The unfunded obligation as of June 30, 2011, grew $2.2 billion from the $59.9 billion obligation identified as of June 30 2010. The accrued liability grew less than expected due to favorable healthcare claim experiences linked to a combination of fewer claims, less expensive claims, less utilization of services, and the implementation of new California Public Employees’ Retirement System’s (CalPERS) health programs designed to reduce costs.
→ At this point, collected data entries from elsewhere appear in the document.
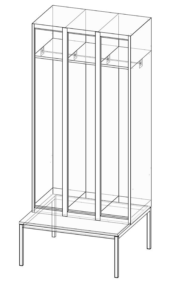 | Der Sockel kann nachträglich bestellt werden, dieser wird am Garderobenschrank ohne Verbindungsmaterial befestigt. Höhe 100 mm. |
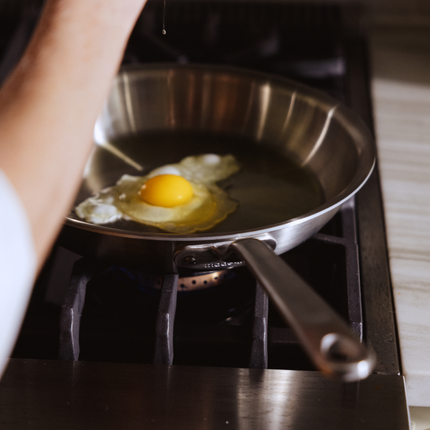 With proper heat control, stainless steel delivers non-stick performance naturally. Our 5-ply construction heats evenly, reducing hot spots and sticking.
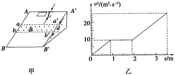 5、计算题  如图甲所示,一个质量m=0.1 kg的正方形金属框总电阻R=0.5 Ω,金属框放在表面绝缘且光滑的斜面顶端(金属框上边与AA′重合),自静止开始沿斜面下滑,下滑过程中穿过一段边界与斜面底边BB′平行、宽度为d的匀强磁场后滑至斜面底端(金属框下边与BB′重合),设金属框在下滑过程中的速度为v,与此对应的位移为s,那么v2-s图象(记录了线框运动全部过程)如图乙所示,已知匀强磁场方向垂直斜面向上。试问:(g取10m/s2)
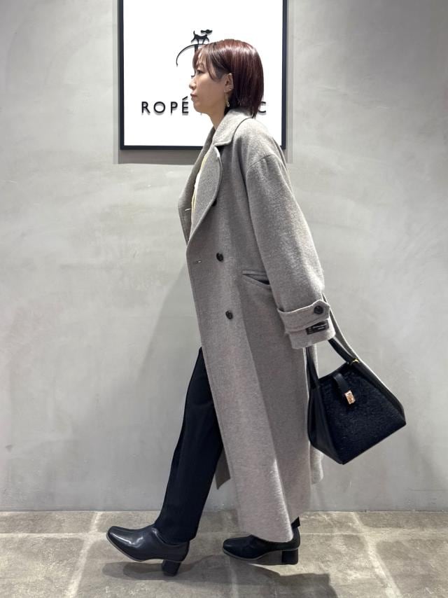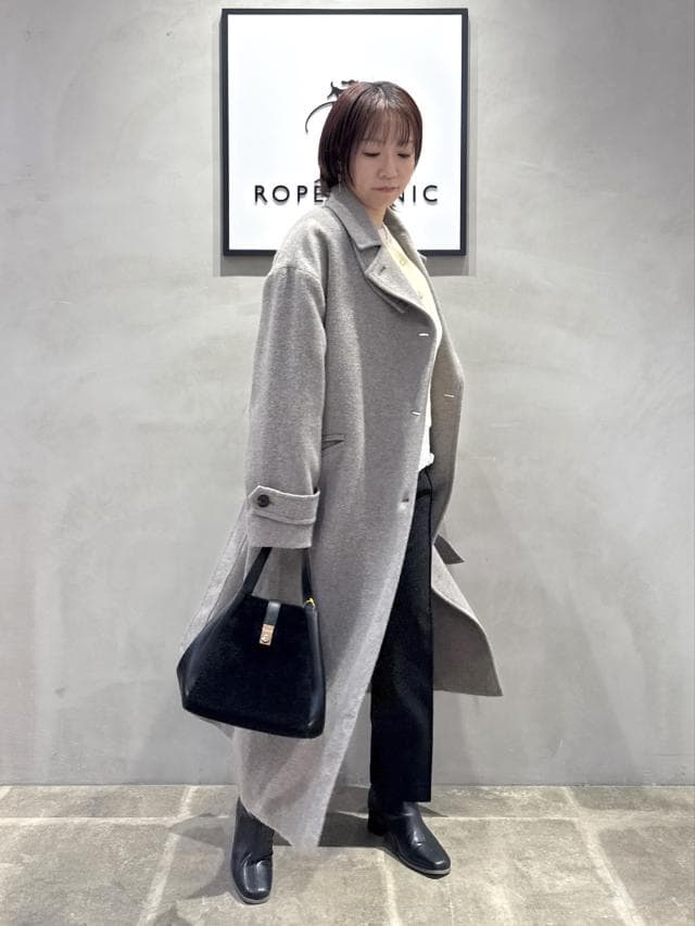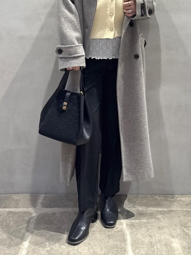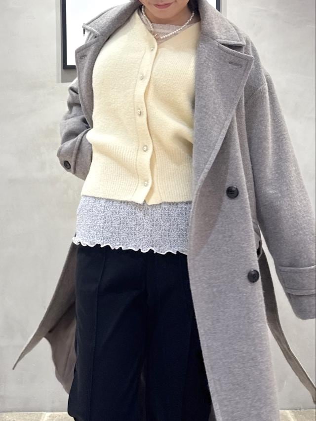 淡いイエローのニットに、落ち着いたグレーのロングコートを合わせてやわらかく女性らしい印象に。

California pays for retiree health benefits on a “pay-as-you-go” basis, or the minimum amount needed to fund the costs as they are due. The latest actuarial report estimates California’s obligation for retiree health and dental benefits, also referred to as Other Post-Employment Benefits (OPEB), based on two different funding scenarios:
- The current pay-as-you-go policy results in an actuarial unfunded obligation of $62.1 billion, which represents the total the state would need to pay for future retiree health benefits earned as of June 30, 2011, by current and future state retirees. Based on this unfunded obligation, California should pay $4.7 billion in 2011-12 to pay for present and future retiree health benefits. In the 2011-12 Budget Act, the state provided $1.71 billion to only cover current retirees’ health and dental benefits.
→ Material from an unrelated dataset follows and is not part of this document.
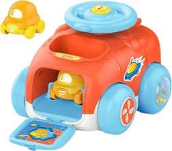 Anziehendes und interaktives Spielzeug für Kinder der Marke Woopie. Dieses Set enthält zwei kleinere Autos auf Rädern und eine Katapultschleuder für noch mehr Spielspaß.
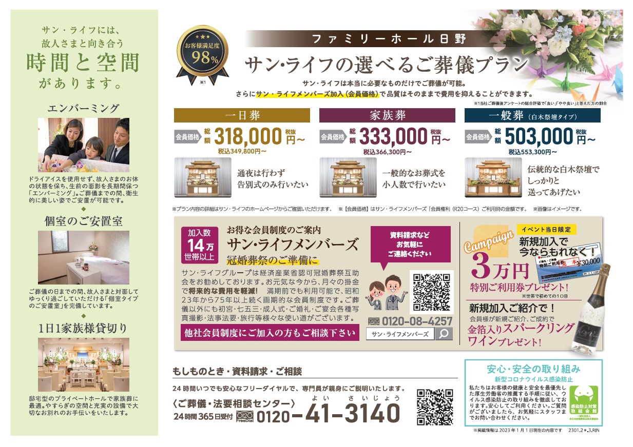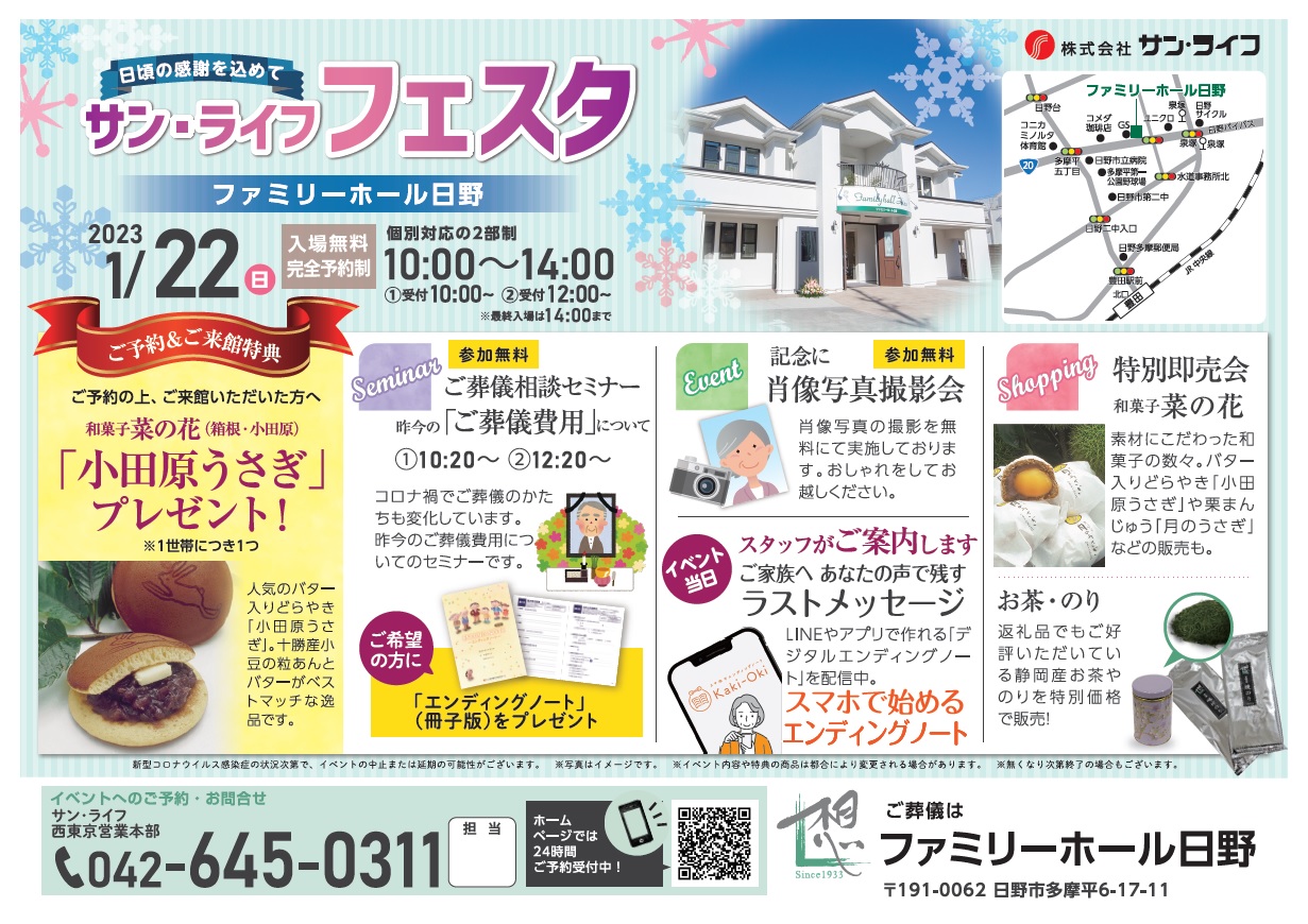 【1月22日(日)開催】サン・ライフ フェスタ(ファミリーホール日野) - 葬儀、家族葬なら株式会社サンライフ 【公式】

- If the state shifted to fully pre-funding the costs of future benefits, the actuarial unfunded obligation would be cut by more than $21 billion to $40.7 billion. Under a full pre-funding approach, the state would set aside money in a separate trust solely for future retirement healthcare benefits. The investment income generated by the trust would be used to reduce the costs to the state and its employees of paying for future benefits. To take advantage of the tremendous cost savings resulting from fully-prefunding, the state would need to contribute $3.3 billion in 2011-12, or $1.6 billion more than the state currently pays.
Recognizing that fully funding the health and dental benefits obligation is unlikely given the state’s tight budget, Controller Chiang noted that even incremental steps toward pre-funding the obligation would significantly reduce the state’s liability. For example, if the state pre-funded just 10% of its obligation, it would only need to pay $160 million more than its current pay-as-you-go contribution. However, that additional payment would shave $2.7 billion off of the state’s unfunded liability.
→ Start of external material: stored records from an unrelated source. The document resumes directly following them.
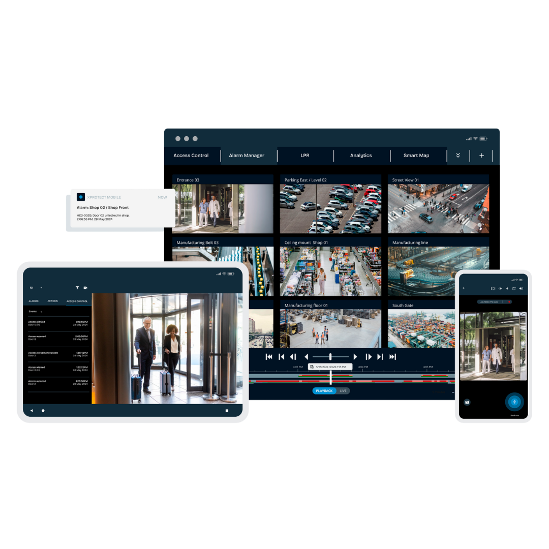 Diseñado para adaptarse a todo tipo de entornos, desde instalaciones pequeñas hasta infraestructuras complejas, permite visualizar en tiempo real lo que ocurre, identificar incidentes y actuar con rapidez. Su interfaz intuitiva facilita el uso cotidiano, mientras que su compatibilidad con múltiples dispositivos brinda libertad al momento de elegir el hardware ideal para cada necesidad. Además, la integración con sistemas como control de accesos o lectura de placas convierte a XProtect en una herramienta completa para quienes buscan eficiencia y control en un solo lugar. Es una opción ideal para quienes priorizan la seguridad sin complicaciones.
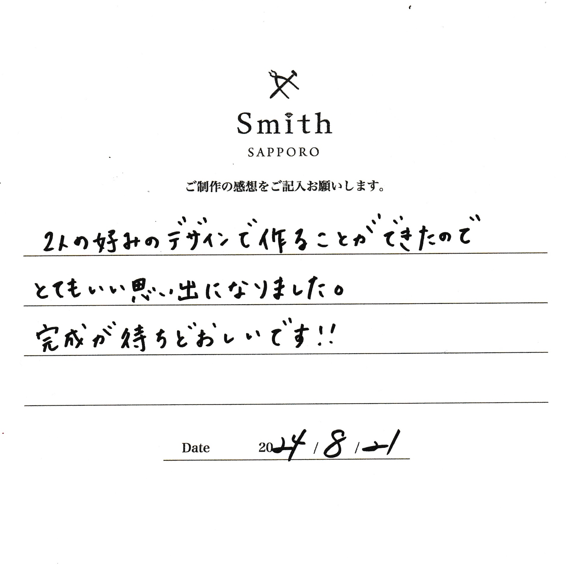 この度は、工房Smith京王プラザホテル札幌店で手作りペアリングのご制作誠にありがとうございました。
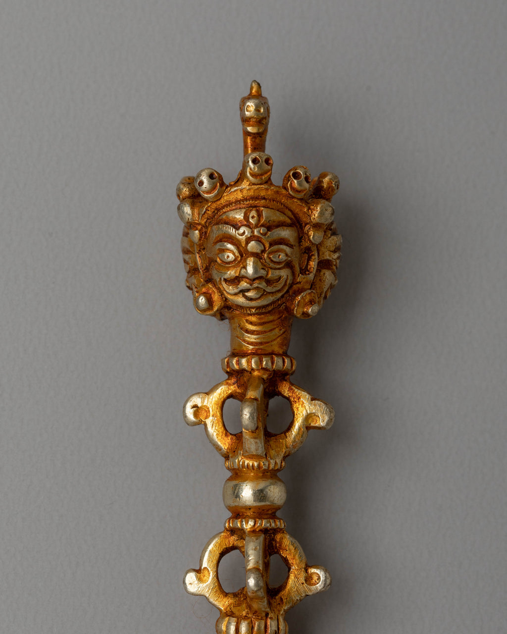 The Phurba's unique three-sided blade represents the elimination of ignorance, desire, and aversion, while its intricate design symbolizes protection and transformation. This ritual dagger not only enhances your meditation practice but also acts as a powerful emblem of inner strength and enlightenment. Whether used for ceremonial purposes or displayed as a sacred artifact, the Evamratna Ritual Dagger will support your journey toward spiritual awakening and balance.

Pre-funding 25% of its obligations would cost the state $400 million more than the pay-as-you-go contribution, but would reduce the total unfunded liability by $6.54 billion.
In 2004, the Governmental Accounting Standards Board Statement 45 (GASB 45) required states and local governments to publicly disclose the future costs of paying for post-employment benefits other than pensions for current state retirees and employees.